Matthew Botvinick, DeepMind, London

Matthew Botvinick, M.D., Ph.D.
Director of Neuroscience Research, DeepMind, London, U.K.
Honorary Professor, Gatsby Computational Neuroscience Unit, University College London

"A Distributional Code for Value in Dopamine-Based Reinforcement Learning"
Tuesday, December 3, 2019 - 3:00pm to Wednesday, December 4, 2019 - 2:45pm
Princeton Neuroscience Institute A32
Other Seminars

Twenty years ago, a link was discovered between the neurotransmitter dopamine and the computational framework of reinforcement learning. Since then, it has become well established that dopamine release reflects a reward prediction error, a surprise signal that drives learning of reward predictions and shapes future behavior. According to the now canonical theory, reward predictions are represented as a single scalar quantity, which supports learning about the expectation, or mean, of stochastic outcomes. I'll present recent work in which we have proposed a novel account of dopamine-based reinforcement learning, and adduced experimental results which point to a significant modification of the standard reward prediction error theory.
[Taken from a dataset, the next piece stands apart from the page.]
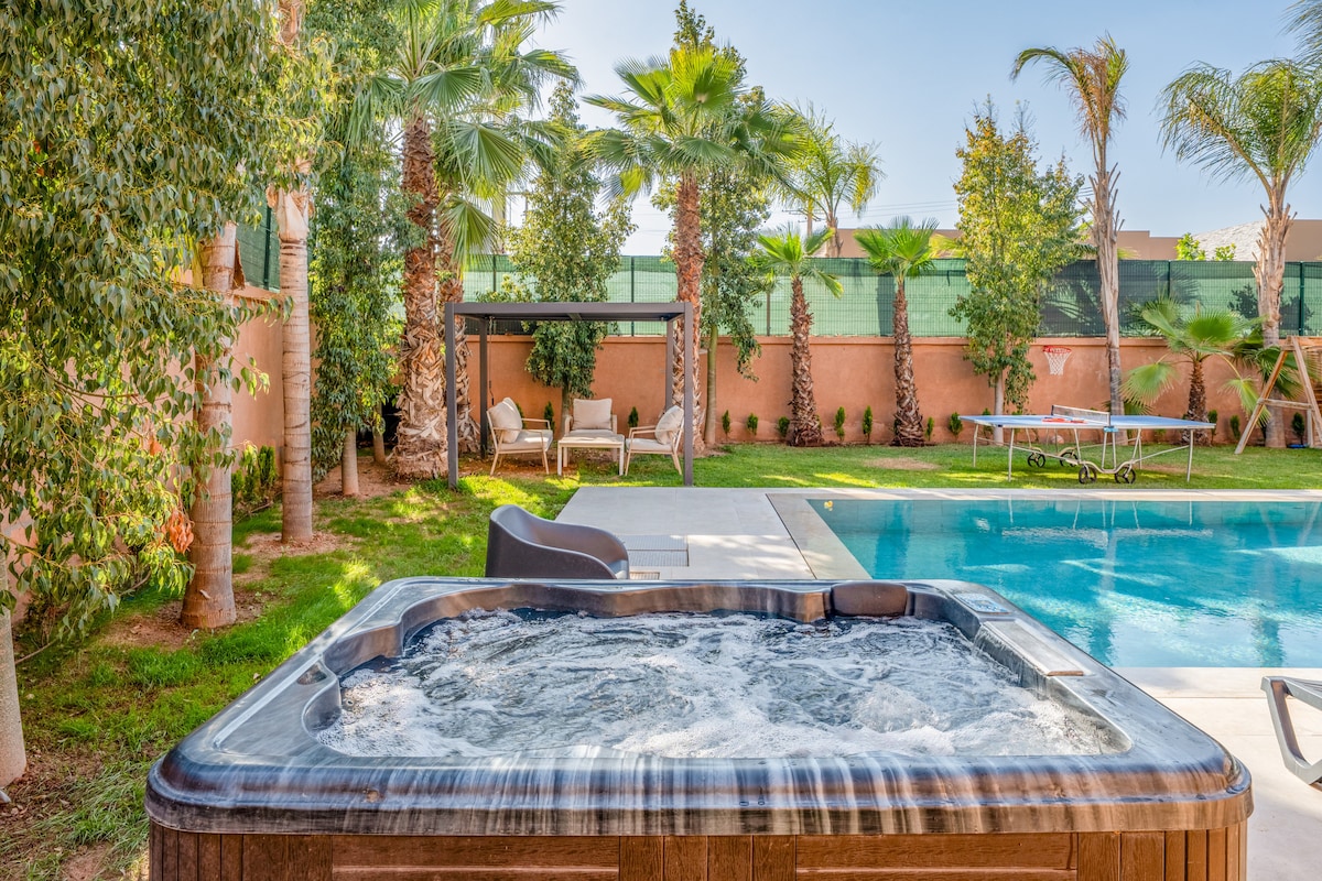 Wachen Sie vor dem Atlasgebirge in einer Luxusvilla auf, die Raum, Komfort und Privatsphäre vereint. Auf 3.500 m² Grundstück gelegen, bietet es 5 raffinierte Suiten mit eigenem Bad, helle Lounges und eine Kapazität von 14 Personen (30 mit der angrenzenden Schwester-Villa). Genießen Sie einen Pool, Glasfaser-Internet, Netflix/IPTV, eine Garage mit 8 Plätzen sowie Dienstleistungen auf Anfrage: Koch, Reinigung, gelieferte Mahlzeiten und organisierte Transfers für einen unbeschwerten Aufenthalt in Marrakesch.

Inspired by recent artificial intelligence research on distributional reinforcement learning, we hypothesized that the brain represents possible future rewards not as a single mean, but instead as a probability distribution, effectively representing multiple future outcomes simultaneously and in parallel. This idea leads immediately to a set of empirical predictions, which we tested using single-unit recordings from mouse ventral tegmental area. Our findings provide strong evidence for a neural realization of distributional reinforcement learning.